- **Assigned task**:
Retype word for word the stretch of entries below from the line that has "大家好,小科来为大家解答以上" through the line that has "Instantly on your", and omit the pictures.

** Provided entries follows **

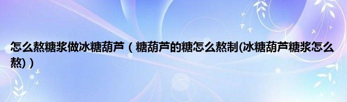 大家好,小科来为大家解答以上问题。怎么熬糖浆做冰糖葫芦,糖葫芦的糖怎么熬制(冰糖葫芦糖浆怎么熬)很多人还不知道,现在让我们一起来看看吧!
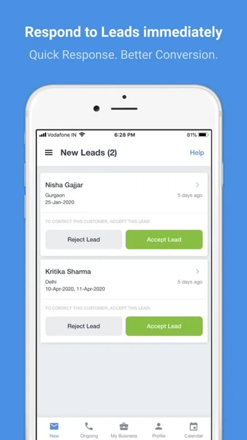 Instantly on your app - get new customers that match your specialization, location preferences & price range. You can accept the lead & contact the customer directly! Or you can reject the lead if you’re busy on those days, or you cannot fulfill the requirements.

** End of Provided entries **
** Provided entries follows **

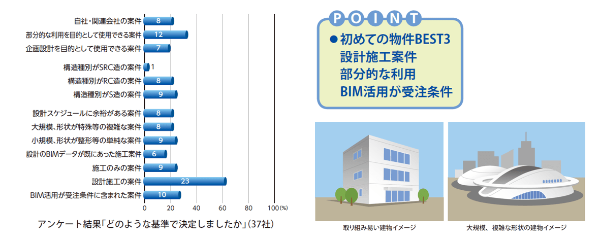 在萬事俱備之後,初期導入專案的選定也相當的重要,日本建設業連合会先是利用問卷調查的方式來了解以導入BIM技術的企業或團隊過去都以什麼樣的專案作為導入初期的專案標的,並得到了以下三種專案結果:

** End of Provided entries **

- **Written solution**:
 大家好,小科来为大家解答以上问题。怎么熬糖浆做冰糖葫芦,糖葫芦的糖怎么熬制(冰糖葫芦糖浆怎么熬)很多人还不知道,现在让我们一起来看看吧!
 Instantly on your app - get new customers that match your specialization, location preferences & price range. You can accept the lead & contact the customer directly! Or you can reject the lead if you’re busy on those days, or you cannot fulfill the requirements.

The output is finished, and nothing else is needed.